The Directive of the European Parliament and of the council of 21 may 2008 has prompted the Government to change this policy and to regulate mediation by law. The Law was adopted by the Lower House and is now under review in the Netherlands Parliament Upper House. (Bill 32555)
The new law comprises:
• New limitation rules, namely that a mediation stops the expiry of limitation and prescription periods (article 3: 316 paragraphs 4 and 5 and 3, 319 paragraph 3 BW),
• A new article in the Code of Civil Procedure (22a rv) which stipulates that the judge can advise mediation in all cases, and
• The privilege of non-disclosure for the mediator. (protecting confidentiality: no parties/mediators shall be compelled to give evidence in civil and commercial judicial proceedings or arbitration regarding information arising out of or in connection with a mediation process).
• And with regard to enforceability of written agreements, a gap in the law has been closed: an agreement in a referred mediation can now be enforced in all types of procedures.
It is important to note that its application is not limited to cross-border mediations. The Bill to implement the European mediation directive is, as we speak, still before the Senate. But until implementation, there is hardly any regulatory framework for mediation; the relative success of mediation in the Netherlands is due to the bottom-up approach (as De Palo calls it: pragmatic): first do it, then (if really necessary) regulate it. So far, mediation has been entirely subject to private regulation by contract. In the nineties there was not much information on mediation in figures. It is thought that the figures up to 2001 were not very substantial. The promotion of court referred mediation led to the introduction of statistics on mediation figures. The latest publication on mediation figures shows that there were about 52,000 mediations taking place in the Netherlands in 2011, in the following categories:
Family 33% 17058
Labour 25% 12922
Community 18% 9304
Government 8% 4135
Business to Business 8% 4135
Other 8% 4135
These figures outnumber the amount of arbitrations by far, so this supports the idea that mediation (more than arbitration) really allows an extra possibility for parties to overcome their conflicts and that arbitration is only really suitable for a comparatively small number of cases (no more than several thousands).

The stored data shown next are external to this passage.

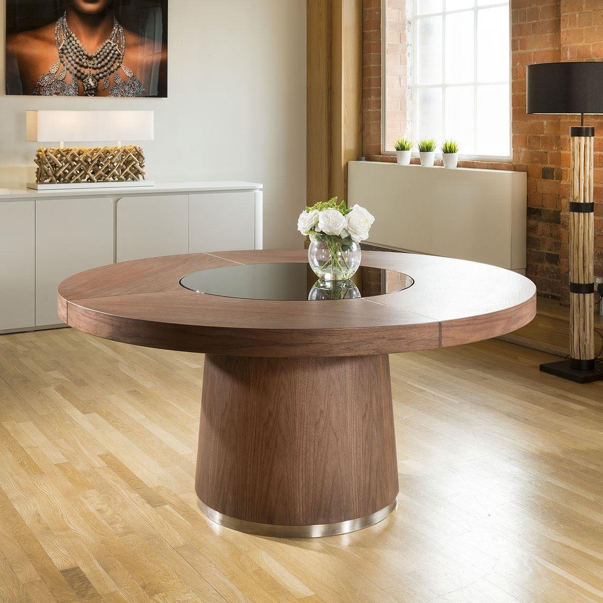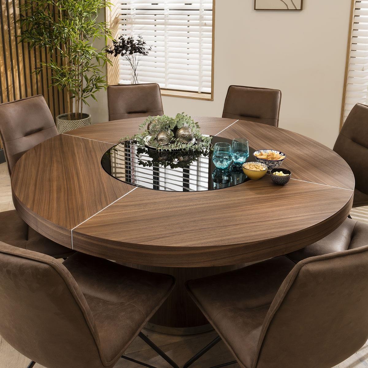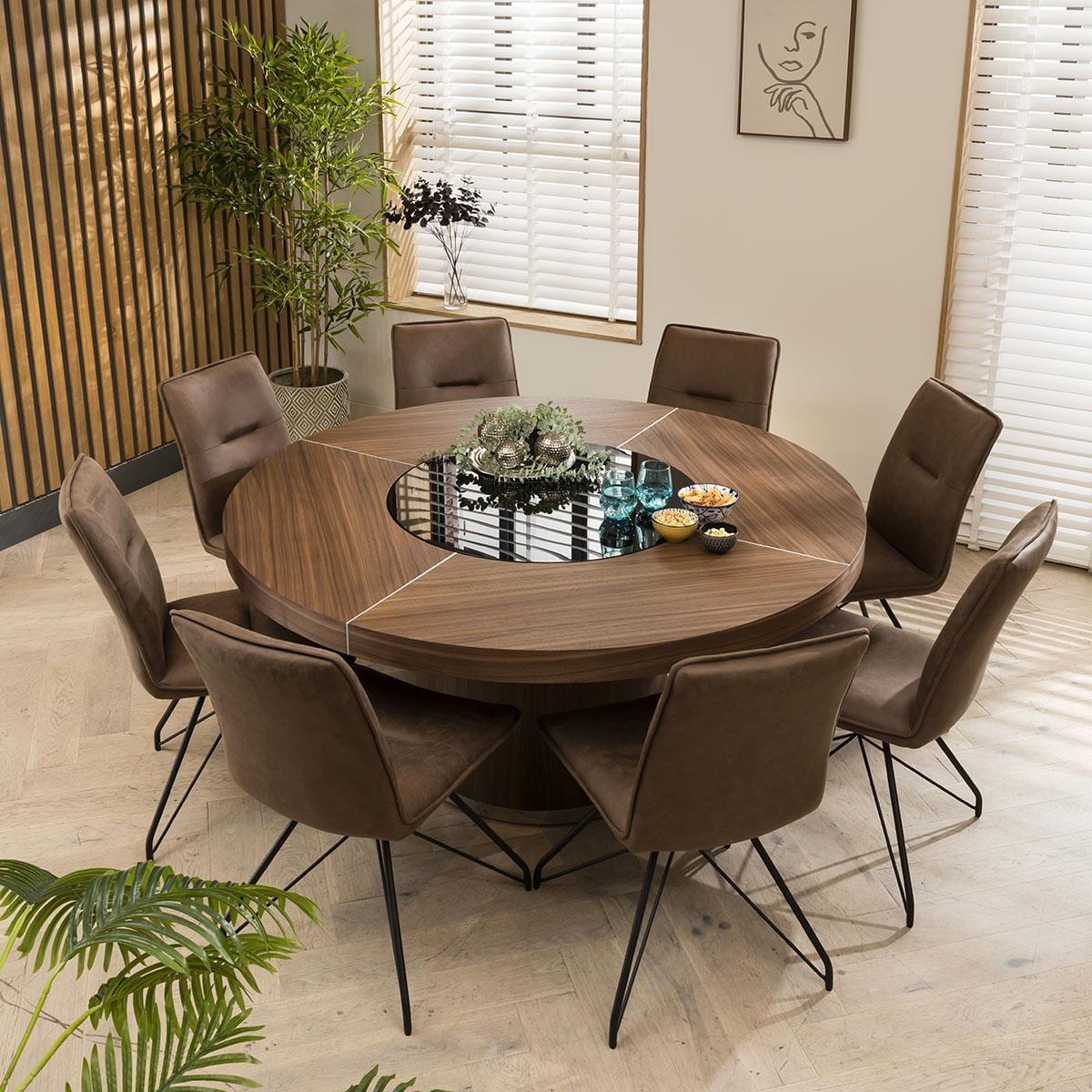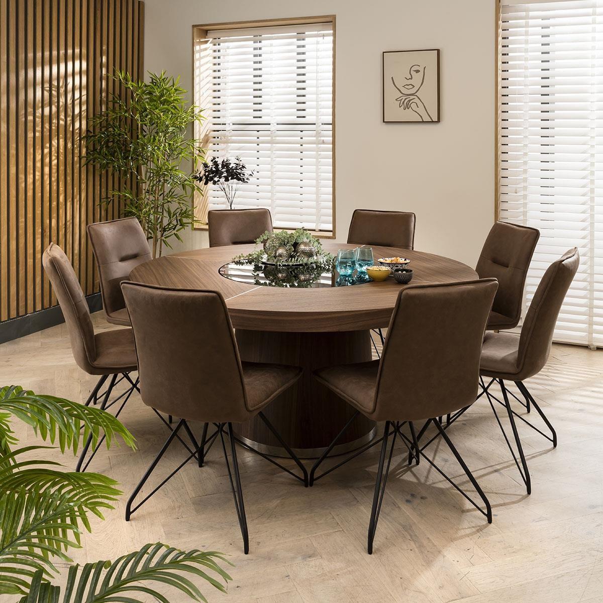 Seamlessly blending the inviting warmth of a walnut wood veneer round dining table, with a rotating glass lazy susan, and the rich sophistication of eight brown chairs upholstered in luxurious leather-look fabric. This 8 seater dining set allows you to experience the perfect harmony of social allure and comfort. This stunning round dining table will effortlessly seat 8 guests. For added convenience, the rotating lazy susan with LED lighting makes for a fun dining experience. Sleek in design, the rich walnut veneer dining table has a round 160cm top supported by a surdy pedestal base that adds stability for years of enjoyment. This set of 8 Detroit dining room chairs in the set are a perfect combination of style and comfort. Crafted with hardwearing brown leather-look fabric upholstery, the kitchen chairs add a touch of industrial-chic to any space. The dining chairs boast clean lines accentuated by simple tufting details bestow a modern edge in kitchen or dining room. This 8 seater dining set combines modern Detroit chairs with the stunning 850. T table. Whether you love the Detroit chairs and would like to purchase them individually, or you think the 850. T table would complete your interior scheme better with another chair, you can easily mix and match our modern dining tables and chairs to curate something truly unique. Table Size W160cm D160cm H73cm Chair Size W64cm D49cm H91cm Dining Table And Chair Set For 8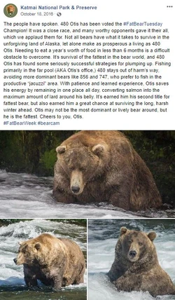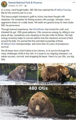 Fat Bear Week was born in 2014 as a way to celebrate all the hard work that these bears do to survive and thrive and get through six months of starvation Boak says. Enter the Fat Bear Week Campaign Poster contest between now and September 25th for the chance to win a Bear Cam 2020 prize. Dear Holly Game on.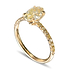 A beautiful Y-Z light yellow oval diamond side stone ring, with a center diamond set in a 4 prong setting, weighing 1.36cts and certified by GIA. The band features open pave fancy yellow brilliants side stones, and the ring is mounted in 18K yellow gold. For more information about this item please contact our customer service department.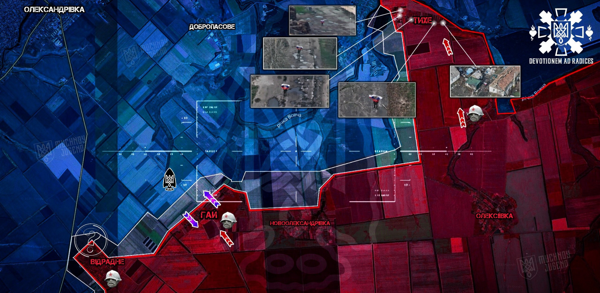 Підтверджено просування росіян у н.п. Тихе на південному березі р. Вовча. На кількох точках уже встановлені окупаційні прапори. Ворог намагається закріпитися та перетворити населений пункт на плацдарм для подальших дій.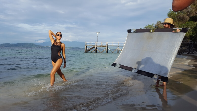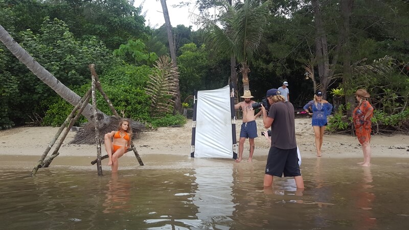 We broke for lunch and then headed to our favourite local beach, Tavajun Bay. The afternoon light was excellent and Jacques had Zippy rolling around in the sand and splashing in water. P.M.C. and Mr Flare then stole her for some social media content, and afterwards they were joined by Tropical Bro to film the final parts of her hero sequence.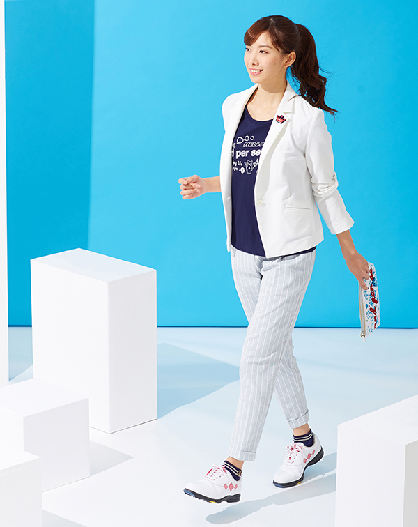 夏の暑いラウンドの後こそ、白ジャケで爽やかに決めて。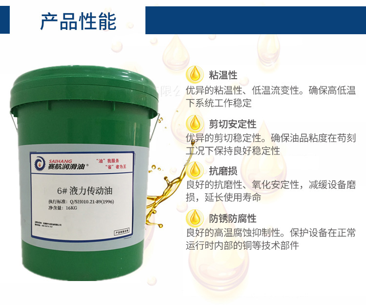 賽航液力傳動油以大慶深度精制異構(gòu)脫蠟基礎(chǔ)油,加入降凝、抗氧、抗磨及抗泡等各種添加劑調(diào)制而成。按100℃運動粘度劃分為6#和8#兩個牌號。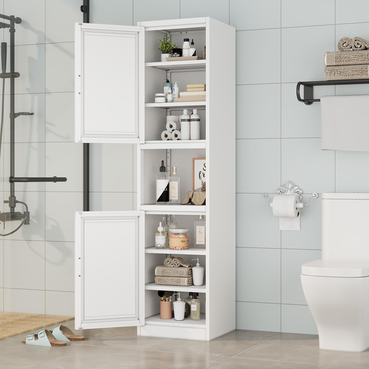 - ๐ใHigh Quality Materialsใ: The storage cabinet is made of high-quality cold-rolled steel. Pantry cabinet adopts a high-quality electrostatic powder layer, which is easy to clean, scratch resistant, and sturdy and durable.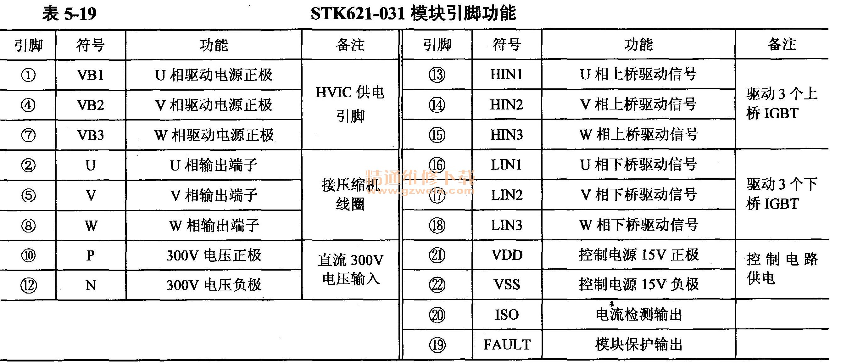 STK621-031是最早應用在變頻空調(diào)器中的單電源模塊,引腳較少且在一側(cè)排列,由于早期技術的限制,體積相對較大,目前己停產(chǎn)。表5-19所示為STK621-031模塊的引腳功能,圖5-71所示為其實物外觀。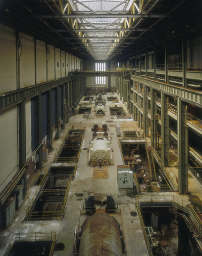 泰特现代美术馆所处的位置原来是一个发电厂(见图),大家看到的是涡轮机的位置,是发电机的核心,但现在已经变成了展示场所。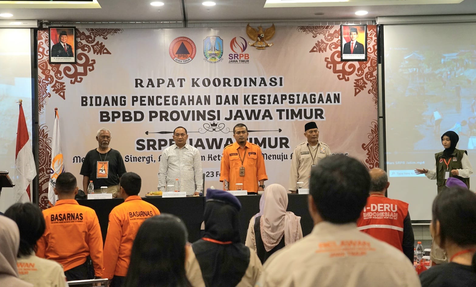 Rapat ini dibuka oleh Kalaksa BPBD Jatim, Gatot Soebroto, yang didampingi oleh Plt Kabid Pencegahan dan Kesiapsiagaan Dadang Iqwandy, serta jajaran pengurus SRPB Jatim, termasuk Koordinator SRPB Jatim, Subekti Rahmad Kimiawan. Dalam sambutannya, Gatot menyoroti dinamika kebencanaan di Jatim dalam beberapa tahun terakhir, termasuk tren penurunan bencana dalam tiga tahun sebelumnya dan lonjakan kejadian pada 2024.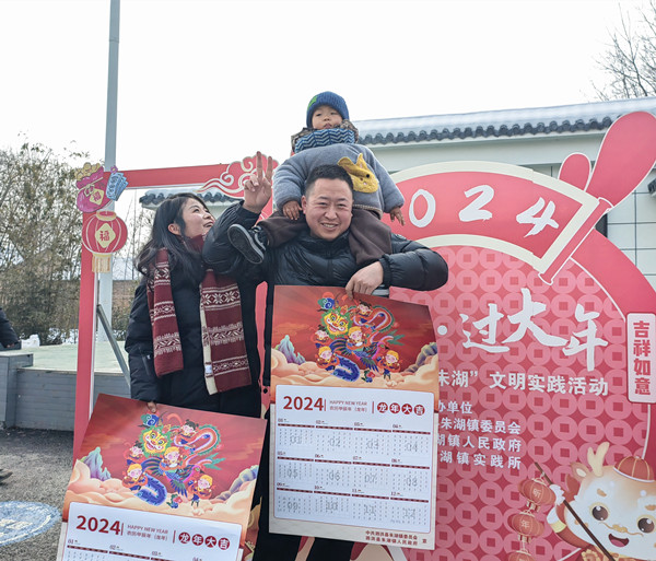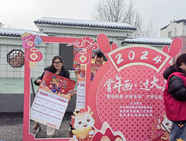 “今年的年味特別濃,年畫和打卡墻都很漂亮,借此機會,我們全家在打卡墻拍了一張特別有意義的全家福。”家住泗洪縣朱湖鎮朱湖社區的王阿姨滿臉笑容地說。為營造文明祥和的節慶氛圍,2月8日,朱湖鎮開展“賞年畫 過大年——喜迎新春 和美朱湖”文明實踐活動,在朱湖鎮新時代文明實踐廣場上展陳優秀年畫作品,讓群眾感受傳統民間藝術的魅力,用滿滿的煙火氣迎接新年的到來。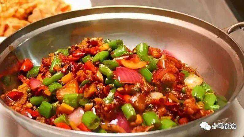 3.净锅入色拉油烧热,先下大量的姜末和蒜末炒香,再把混椒和香水鱼调料倒进去炒匀,掺入适量的鲜汤后倒入兔丁,烧至入味便可起锅装盘。
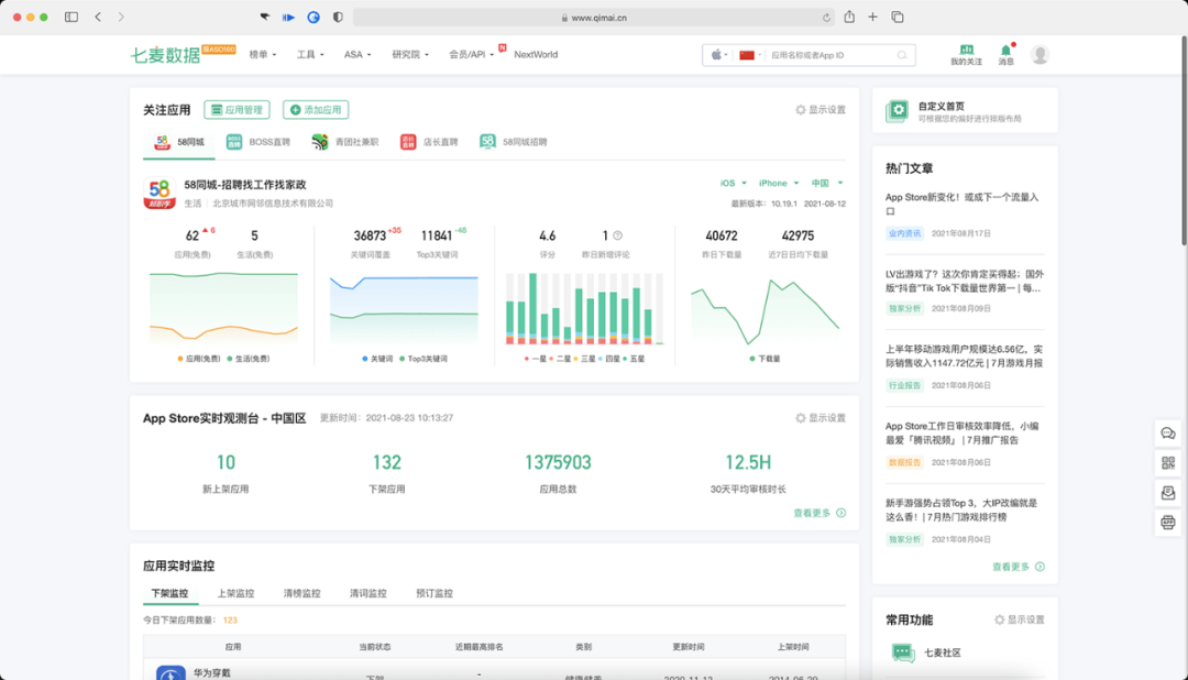 用户研究在设计当中是极为重要的一部分,很多设计师在做市场调研或竞品分析时都会为没有调研数据而苦恼,在这里为大家推荐一款数据利器--七麦数据。七麦数据是国内专业的移动应用数据分析平台,覆盖AppStore&GooglePlay双平台,我们可以在这里了解自家产品以及相关竞品的相关信息。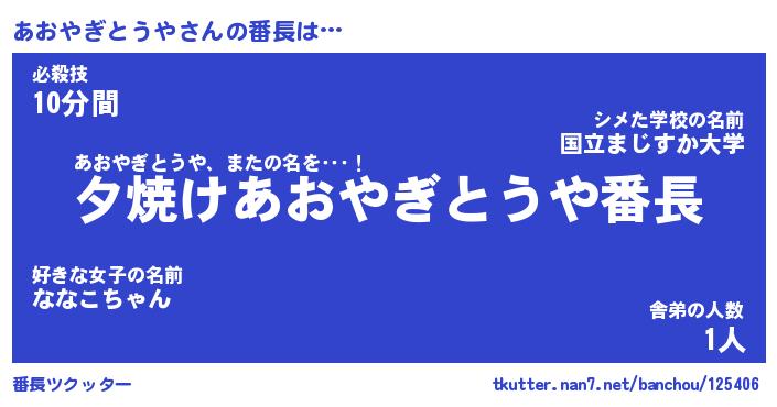 | ヒーロー風カッコイイあだ名 | 『スーパーアオヤギトウヤ』 |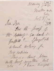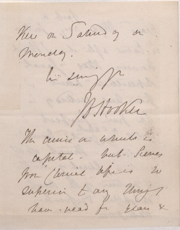 JDH asks Thiselton-Dyer if the proof of his 'address' has been sent to the publisher, Griffith. JDH describes his present location, Alderley Grange in Wotton under Edge, as 'a lovely place'. Whilst there he is working on the Royal Society address & the 'Primer' [refers to the series of 'Science Primer' books published by Macmillan, for which Hooker wrote the volume entitled BOTANY (1876)]. The following week JDH will go to Bewdley, then to stay with [George] Maw at Broseley, Shropshire, before returning to Kew. In a post script JDH adds that he has read & enjoyed CRUISE ON WHEELS [by Charles Allston Collis] & is now reading [George Eliot's] SCENES OF CLERICAL LIFE, the best thing he has read in years, either fact or fiction. He specifically mentions the story JANET'S REPENTANCE.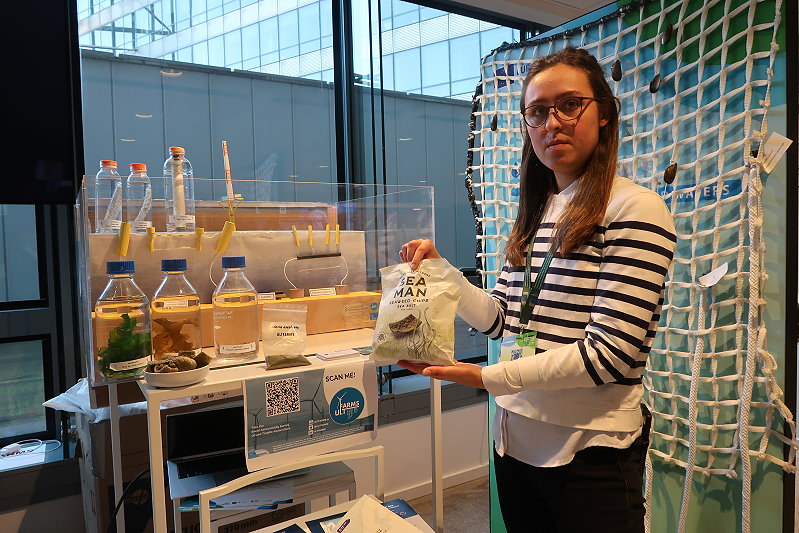 Besides the presentations in the main hall, several projects showed their results, ready for upscaling. Among them the ULTFARM project focused on low trophic aquaculture. They exposed their results in mussel culture, seaweed production and derived products, such as crunchy chips from seaweeds.

Due to the fact that the Netherlands has exceeded the time limit for implementation to a large extent, it is to be expected that this incomplete law will pass the Senate unchanged, because it only has the power to reject, not to amend, the law. My expectation is that a rejection is not to be expected, not only because of the time frame, but also because of the minor political impact of this law. Moreover, the Minister of Justice has recently announced supplementary legislation regulating, among other aspects, quality standards and a national register for mediators to be put into effect in 2014. Also, a private member’s bill on mediation was announced by a Representative in the Second Chamber (House of Commons), so for the first time in history it is to be expected that we will have a considerable amount of legislative activity concerning mediation.
The minister will also campaign for a greater familiarity with mediation with the aim that for individuals, businesses and government bodies, mediation should become the norm.
We will see if this legislation will further influence the use of mediation.